To discuss the course of a Continent torn between unification and nationalism, TIME invited a panel of eight experts--from Britain, France, Germany, Italy, Poland, Russia, Yugoslavia and the U.S.--to take part in a conference at a retreat on the outskirts of Berlin. Surprisingly the group, including historians, former diplomats and political advisers, disagreed fundamentally about the direction Europe is taking.
In the past, such conclaves have generally arrived at a consensus about basic political goals. Conventional scenarios have pictured an integrated Community gradually becoming the nucleus of wider economic organizations embracing Central and Eastern Europe--a rational, tidy, progressive and reassuring destiny for the Continent. But what if the western part of Europe could not avoid being drawn into the turmoil looming in the East? Some panelists said the E.C. would be betraying its ideals if it failed to reach out now--and urgently--to the struggling democracies in the East, threatened by economic hardship, ethnic strife, and populist disillusionment with barely budding democracy. The penalty for delay, they maintained, could be chaos on the Community's borders and irresistible waves of economic refugees. Other participants feared that the E.C.'s resources and energies might be squandered in a rescue attempt that was doomed to fail. They contended that the Twelve had first to deepen their tenuous integration; aspiring members in Eastern Europe would have to wait until they were economically more advanced and sufficiently democratic before being allowed to join what by then would be a European federation.
Much of the concern about Maastricht's outcome originated in Bonn and Paris once the full implications of German unification had begun to sink in. As panelist Horst Teltschik, director of the Bertelsmann Foundation and Chancellor Helmut Kohl's former foreign policy adviser, explained, "Why is Germany so interested in political union? Because when we started with unification, Margaret Thatcher and Francois Mitterrand were very worried. We said, If you're afraid of a unified Germany, let us integrate the Community; and we asked the French to take the initiative." Of all the members of the E.C., the Germans, now 80 million strong with a dominating currency and industry, are the most eager to shed parts of their sovereignty and thus ease the burden of their history. As Kohl has said, "Fears are understandable. So I tell our neighbors we all need Europe and Germany needs Europe more than anyone else."

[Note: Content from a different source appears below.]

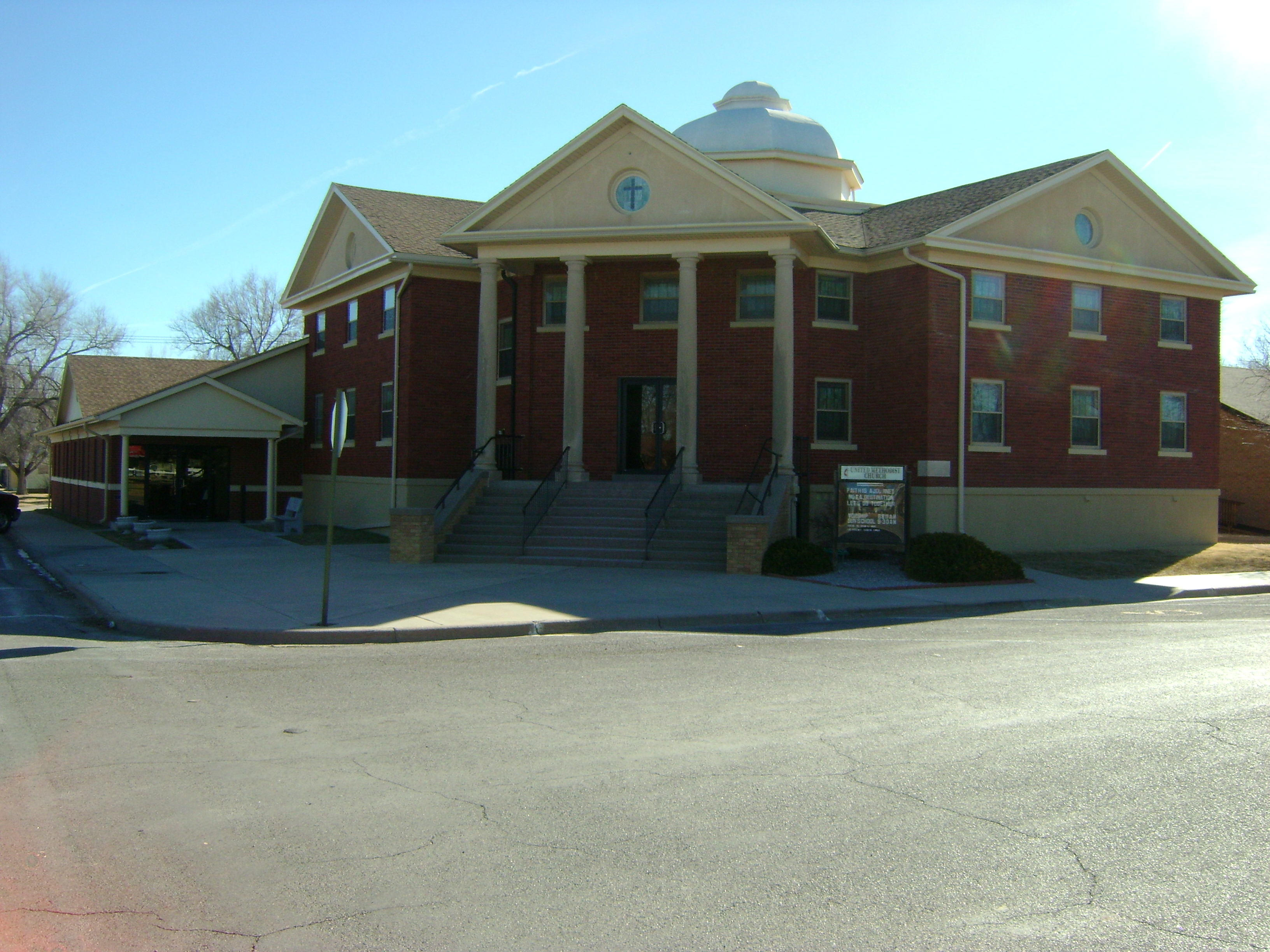 Photograph of the United Methodist Church in Jetmore, KS. I took this photograph myself, as part of a family history project, and decided to upload it to Commons, to be used on the article about the town.

The French seem to see greater integration as the solution to their apprehensions as well. Said panelist Dominique Moisi, associate director of the French Institute of International Relations: "If the price to pay for the unity of Europe and the return of Europe as a real actor on the international scene is a strong Germany, I'm ready to pay it. Either we'll get a strong Germany within a divided Europe or a strong Europe and within it a powerful Germany."
For a nation that takes such evident pride in its world standing, France, unlike Britain, is ready to accept the prospect of diminished sovereignty in an integrated Europe. "What do we lose in creating a common currency?" asks Jean Francois-Poncet, a former French Foreign Minister and now an independent Senator. "Not much. We are already in the mark zone." The same reasoning applies to foreign policy, he says. "We are not capable of doing anything alone--even preventing the Serbs and Croats from going to war."
Most of TIME's Berlin panelists agreed there was little chance--no matter what the decisions next week in Maastricht--that the E.C. would be able to respond as a single supranational entity to the threats of hunger and violence in Eastern Europe and the republics of the former Soviet Union. Perhaps the strongest voice of pessimism came from Sergio Romano, a former Italian ambassador to the Soviet Union and now a columnist for Turin's daily La Stampa. "Many problems we will face in Europe," he said, "are simply not soluble, and we have got to accept them as such." At best, he said, the West could encourage the remnants of the Soviet Union and its former satellites to restore broken trading relations among themselves.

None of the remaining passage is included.